(WHAT YOU NEED TO DO): The task requires repeating, word for word, the lines from the one with "- Mencocokkan gambar" through the end of the material, leaving out all pictures.
━━━━━━━━━━━━━━━━
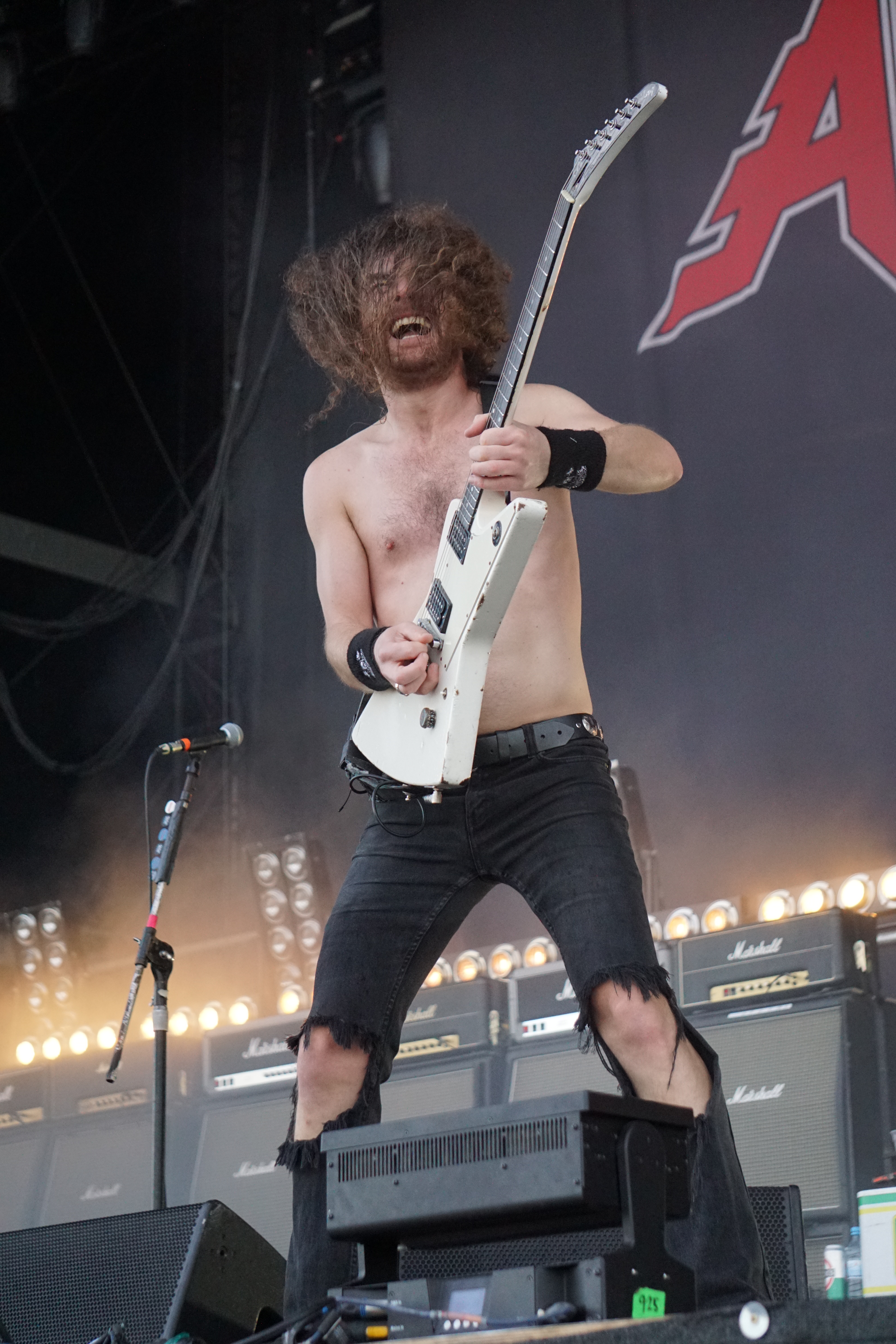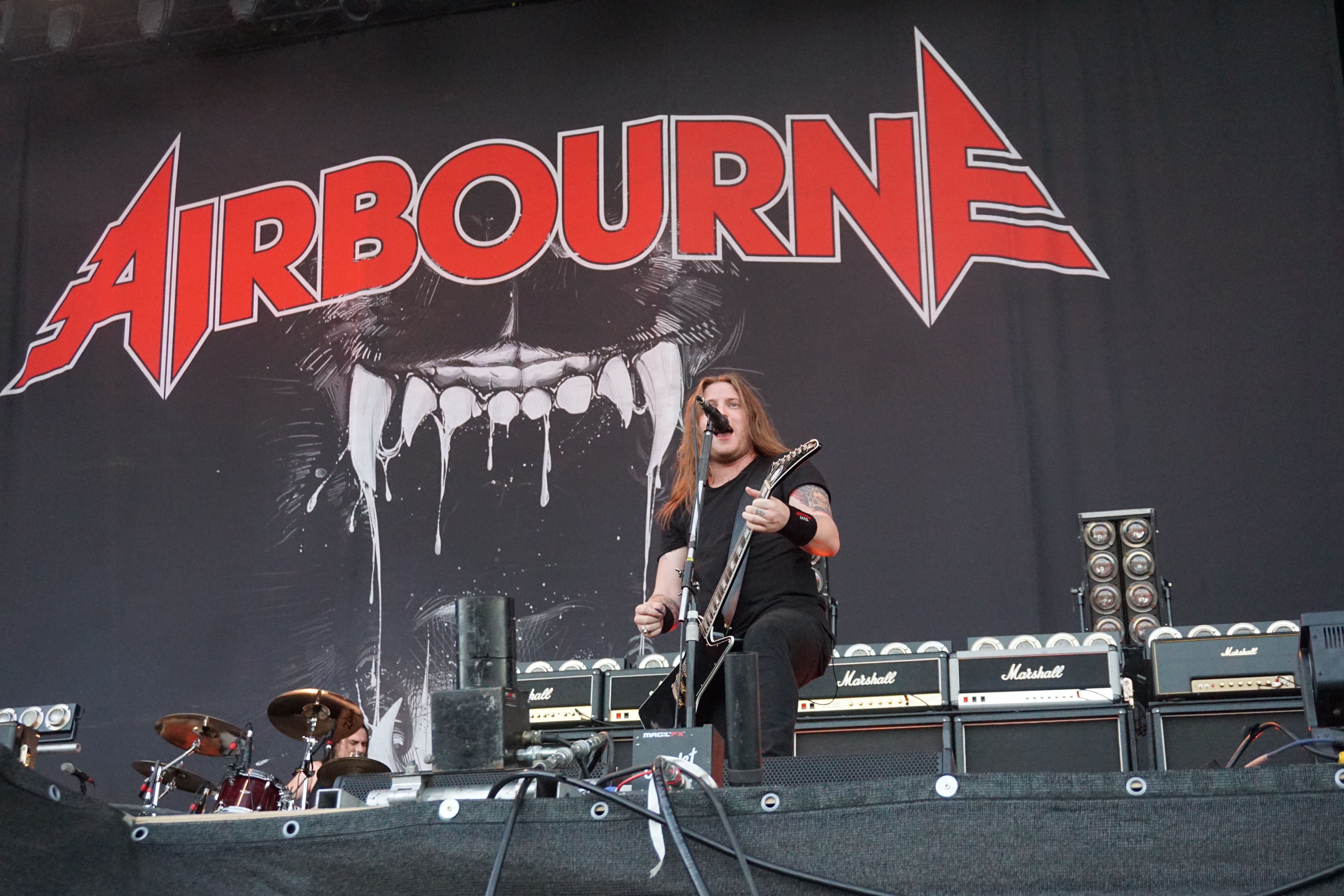 Ich komme aus der Generation, in der man sich zwischen KISS und AC/DC entscheiden musste. Meine Entscheidung ging zu Gunsten der Australier, da ist es nur logisch, dass mir AIRBOURNE besonders liegt. Aus unerklärlichen Gründen hatte ich es aber noch nicht geschafft, einem Auftritt der Combo beizuwohnen, deswegen freute ich mich auch schon tierisch darauf, diese Bildungslücke endlich zu schließen. Vom ersten Ton an war klar, was jetzt hier Sache war. Die Luft vibrierte vor Energie, Adrenalin, Testosteron und roch schon beim Zusehen nach Schweiß. In den folgenden 75 Minuten wurde eine richtig schön schmutzige Rock´N´Roll Party gefeiert und wer jetzt noch still stehen konnte, war entweder stocktaub oder gelähmt. Als ich jedoch neben den unzähligen Crowdsurfern, die sich auf die Bühne zubewegten, wie Haie auf eine blutende Beute, einen Rollstuhl über das ausgelassene Volk gleiten sah, musste ich das letzte Argument streichen. “Ready To Rock“ startete die wilde Sause (hatte ich mal als Klingelton :-)) und nach “Too Much, Too Young, Too Fast“ gab´s auch mit “Boneshaker“ direkt was Neues. Aber was ist schon so ne richtige Party, ohne Getränke. Diese Musik geniest man am besten mit einem Bier oder einem Whiskey. Das dachte sich Joel O’Keeffe (Sänger und Gitarrist) auch und gab dann gleich den Barkeeper. Er nutzte die Gelegenheit einen der ganz Großen des Rock zu ehren. Zu diesem Zweck wurde ein Flightcase mit dem Konterfei des Snaggletooth und der Aufschrift “Lemmy's Bar“ herein geschoben. An diesem Tresen mixte Joel dann ein paar Jacky-Cola (Lemmy´s Lieblingsdrink) und warf diese Plastikbecher so geschickt in die Zuschauer, dass nahezu nichts der köstlichen Flüssigkeit den Becher verließ. Leider konnten wir nicht sehen, was beim Adressaten passierte. Das Becherwerfen machte ihm so viel Spass, dass er immer wieder, diesmal mit Bier gefüllte Gefäße verteilte. Seltsamer Weise zierte das “Black Dog Barking“- Cover die Bühne als Backdrop (Hintergrundbild), gefeiert wurde aber großteils mit den Tracks der ersten Scheibe. Irgendwie werde ich das Gefühl nicht los, dass man solch energetische Veranstaltungen nur mit Bands aus Down Under erlebt, warum auch immer.
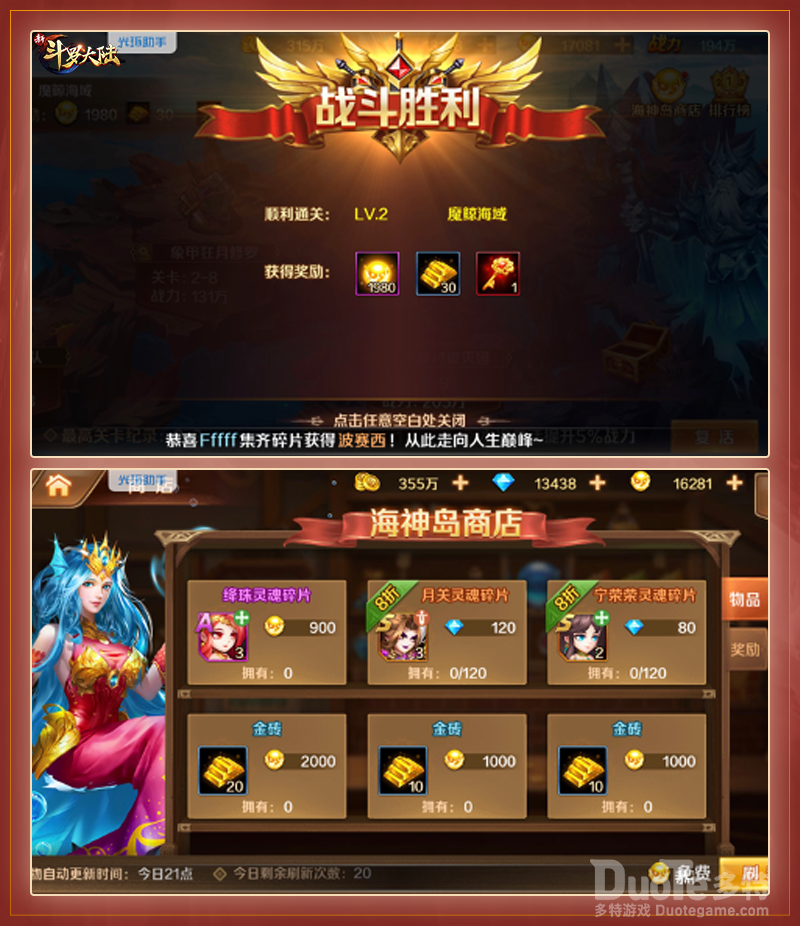 海神岛商店有我们紧缺的金砖,s蓉蓉碎片,s月关碎片,A+小白碎片,A+宁宗主。细节的收集商店,这是个好习惯。
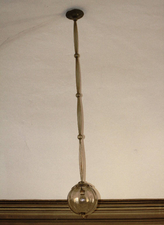 Lampadario costituito da una sfera portalampada sostenuta da un lungo braccio ricoperto da tre elementi di vetro leggermente bombati e raccordati, l'uno all'altro, da delle sfere.
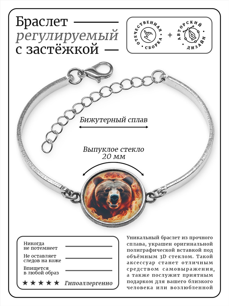 Браслет из бижутерного сплава с регулируемой по длине застёжкой. Изображение диаметром 20 мм прикрыто выпуклой стеклянной линзой. Товар упакован в прозрачный пакет. Без описания.
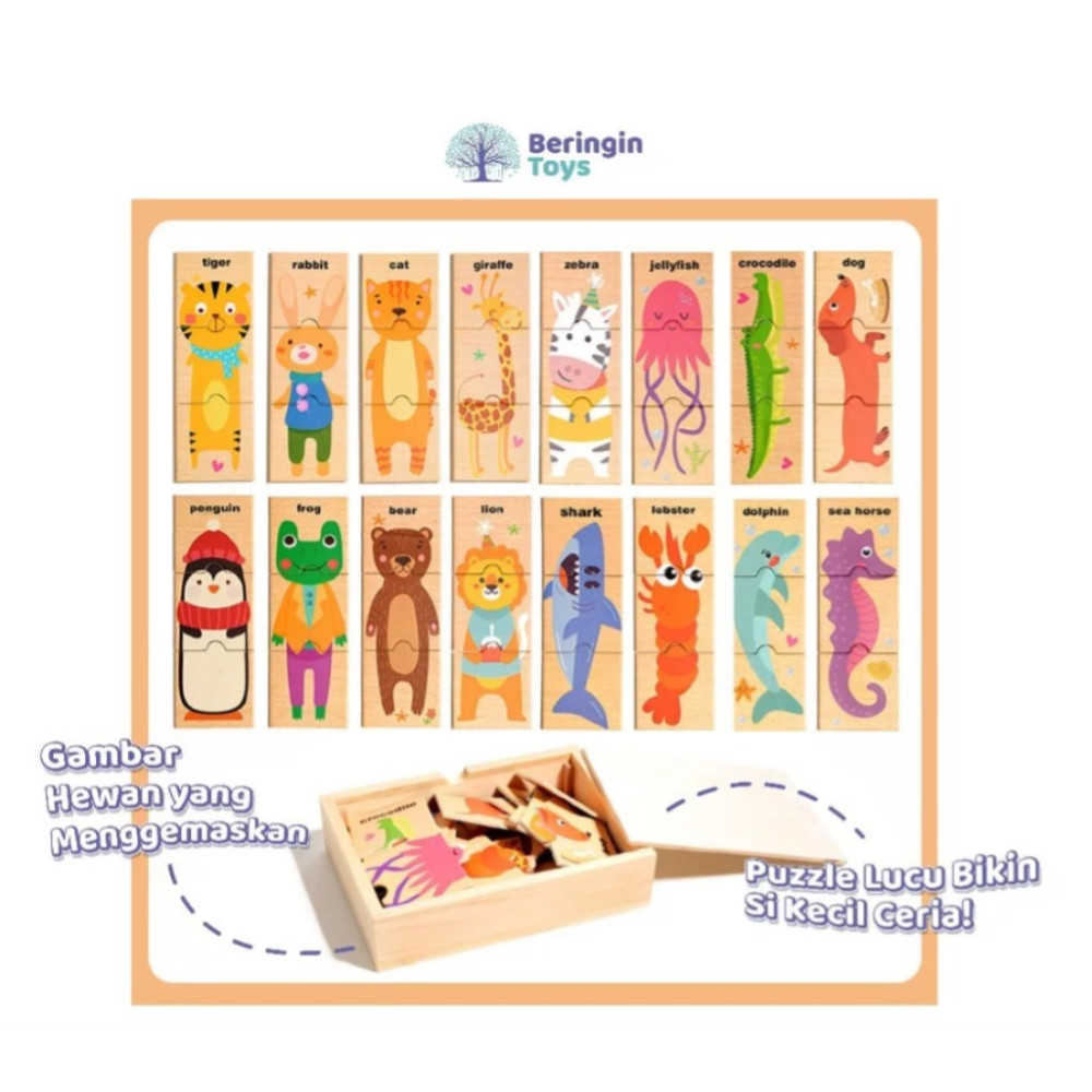 - Mencocokkan gambar hewan: Anak menyatukan dua potongan puzzle menjadi satu gambar utuh
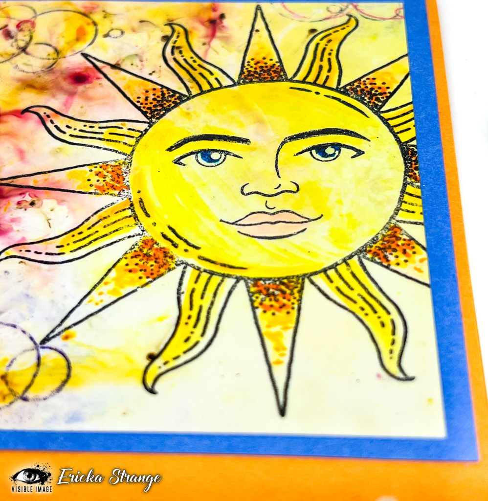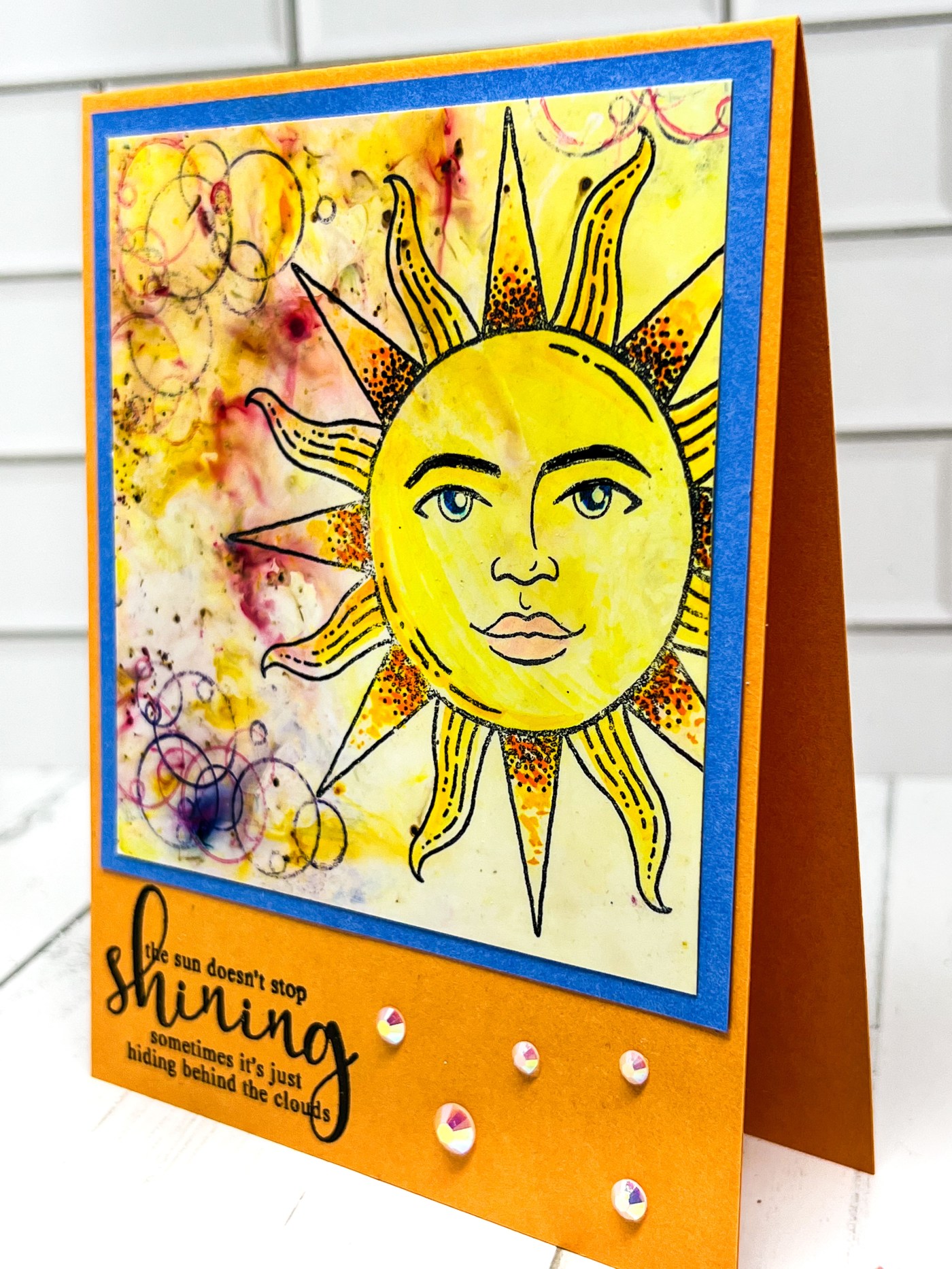 Once my background was dry, I stamped the sun image with Archival Ink and added additional color using Zig Clean Color Real. Brushmarkers. I used Distress Oxide in Kitsch Flamingo and Prize Ribbon to add circles on the corners of my background.
━━━━━━━━━━━━━━━━
(WRITTEN SOLUTION):
 - Mencocokkan gambar hewan: Anak menyatukan dua potongan puzzle menjadi satu gambar utuh
 Once my background was dry, I stamped the sun image with Archival Ink and added additional color using Zig Clean Color Real. Brushmarkers. I used Distress Oxide in Kitsch Flamingo and Prize Ribbon to add circles on the corners of my background.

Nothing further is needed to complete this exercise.